For each of the three Markov models shown below, are $x\_{t-1}$ and $y\_{t+1}$ D-separated given

1. $x\_t$
2. $y\_t$
3. $\\{x\_t, y\_t\\}$?

<br>

.center.width-100[![](images/markov_models.svg) ]

.footnote[The left model is called a [hidden Markov model](https://en.wikipedia.org/wiki/Hidden_Markov_model) (HMM). HMMs can be applied in many fields where the goal is to recover a data sequence that is not immediately observable. For instance, in automatic speech recognition we observe a sequence of audio features and want to infer a sequence of language tokens (e.g., phonemes).]

???

- With the left model: 1. Yes, 2. No, 3. Yes. 
- With the center model: 1. No, 2. Yes, 3. Yes. 
- With the right model: 1. No, 2. No, 3. Yes.

---
class: middle

## Markov blanket

- Consider the joint distribution of an arbitrary number $K$ of variables $p(x\_1, x\_2, ..., x\_K)$ represented by a Bayesian network with $K$ nodes.
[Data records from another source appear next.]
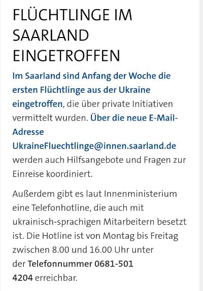 Sollten Sie Verwandte, Freunde und Bekannte in der Ukraine haben, können diese schnell und unkompliziert im Saarland aufgenommen werden. Es wird darum gebeten, die Ankunft von Bürgerinnen und Bürgern aus der Ukraine auch unter der E-Mail-Adresse Diese E-Mail-Adresse ist vor Spambots geschützt! Zur Anzeige muss JavaScript eingeschaltet sein! anzumelden.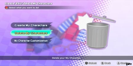文字を削除したいとします。まず、タイトル画面から「マイキャラ作成・編集・削除」メニューに入ります。次に、「マイ キャラクターを削除」 を選択します。 削除するキャラクターを選択するためのキャラクター選択画面が表示されます。 注:4 人のゲスト キャラクターは削除できません。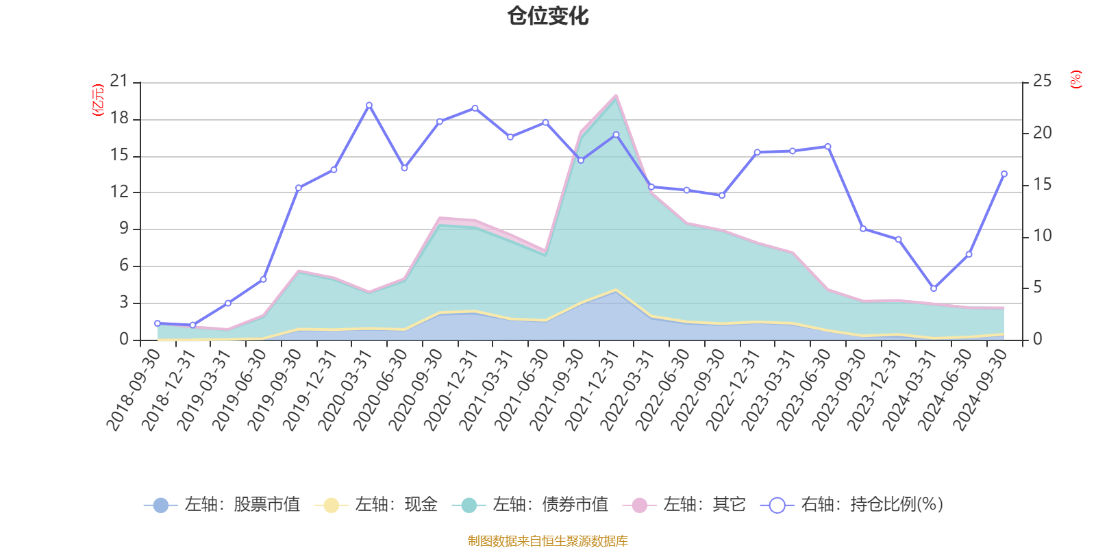据定期报告数据统计,近三年平均股票仓位为14.05%,同类平均为18.66%。2020年一季度末基金达到22.78%的最高仓位,2018年末最低,为1.46%。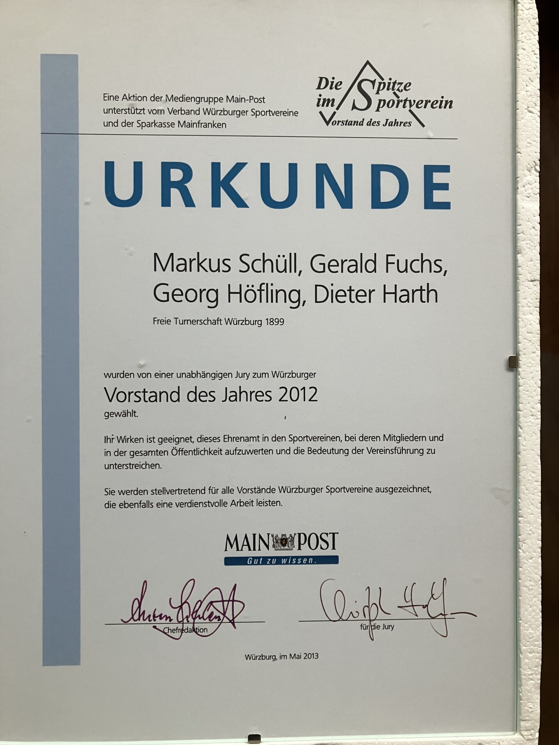 Als kleine Erinnerung sei hier noch mal die Urkunde erwähnt aus dem Jahr 2013, wo der Vorstand der Turner als “Vorstand des Jahres” 2012 ausgezeichnet wurde. Die Turner und ihre Erfoglsgeschichte …

- The conditional distribution of an arbitrary variable $x\_k$ given all the remaining variables in the graph only depends on the variables in its **Markov blanket**, defined as the **set of nodes comprising its parents, children and the co-parents**:

$$ p\left(x\_k |\\{x\_{i}\\}\_{i \neq k } \right) = p\left(x\_k | \text{MB}(x\_k) \right). $$

.grid[

.kol-3-4[

- **Given its Markov blanket, $x\_k$ is conditionally independent of all the remaining variables in the graph.**

- The Markov blanket contains all the information one needs in order to infer $x\_k$.

]

.kol-1-4[

.center.width-80[![](images/markov_blanket.svg) ]

]

---

Consider the conditional distribution of a particular variable $x\_k$ given all the remaining ones $\\{x\_{i}\\}\_{i \neq k }$:

$$
\begin{aligned}
p\left(x\_k |\\{x\_{i}\\}\_{i \neq k } \right) &= \frac{p(x\_1, x\_2, ..., x\_K)}{p(\\{x\_{i}\\}\_{i \neq k })} 
&= \frac{p(x\_1, x\_2, ..., x\_K)}{\int p(x\_1, x\_2, ..., x\_K) d x\_k}
&= \frac{\prod\_{j=1}^K p(x\_j | \text{pa}\_j)}{\int \prod\_{j=1}^K p(x\_j | \text{pa}\_j) d x\_k}.
\end{aligned}
$$

- Any factor $p(x\_j | \text{pa}\_j)$ that does not have any functional dependence on $x\_k$ can be taken outside the integral and will therefore cancel between numerator and denominator.
- The only factors that remain will be the conditional distribution $p(x\_k | \text{pa}\_k)$ for node $x\_k$ itself, together with the conditional distributions $p(x\_j | \text{pa}\_j)$ where $x\_k$ is in $\text{pa}\_j$.

- $p(x\_k | \text{pa}\_k)$ will depend on the **parents** of $x\_k$, whereas the remaining conditionals $p(x\_j | \text{pa}\_j)$ will depend on the **children** of $x\_k$, as well as its **co-parents** (the other parents of $x\_j$).

Therefore, $p\left(x\_k |\\{x\_{i}\\}\_{i \neq k } \right)$ only depends on the Markov blanket of $x\_k$.